Saturday, May 27, 2023

The Wishing Game by Meg Shaffer

THE WISHING GAME by Meg Shaffer is, for me, reminiscent of some childhood mysteries like Ellen Raskin’s The Westing Game or E. L. Konigsburg’s From the Mixed-Up Files of Mrs. Basil E. Frankweiler or Zilpha Keatley Snyder’s The Velvet Room. They allowed for young readers to put themselves into a character’s shoes and try to puzzle out a situation. In THE WISHING GAME, Shaffer brings four adults, former runaway children, to Clock Island, the home of Jack Masterson, a best-selling children’s author. He has devised a new game where one of them could win what is essentially a fortune: the only copy of his new book.
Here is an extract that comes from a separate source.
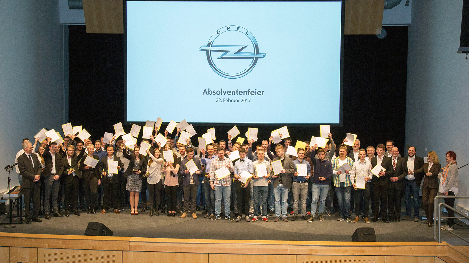 Den Höhepunkt der feierlichen Veranstaltung, zu der auch Familienangehörige der Absolventen geladen waren, bildete die Zeugnisübergabe. Zum angemessenen Ambiente trug auch der Chor „Swingles“ der Rüsselsheimer Immanuel-Kant-Schule bei. Die aktuellen Opel-Auslerner stehen in einer langen Tradition: Vor 151 Jahren hatte der erste Lehrling seine Ausbildung bei Opel in Rüsselsheim begonnen. Ihm folgten seitdem mehr als 25.000 junge Frauen und Männer. Derzeit sind unternehmensweit 750 Azubis beschäftigt – davon allein am Stammsitz in Rüsselsheim mehr als 500.

A main character, Lucy who workers as a teacher’s aide, is desperate to win so that she could afford to foster and eventually adopt seven year-old Christopher. The clues are often word games and/or require knowledge of the best-selling series. The story is entertaining, but a bit slow moving in parts with a budding romance (between Lucy and the books' illustrator, Hugo Reese) for further distraction. Described as whimsical and charming by other reviewers, THE WISHING GAME is a LibraryReads selection for May and received a starred review from Publishers Weekly.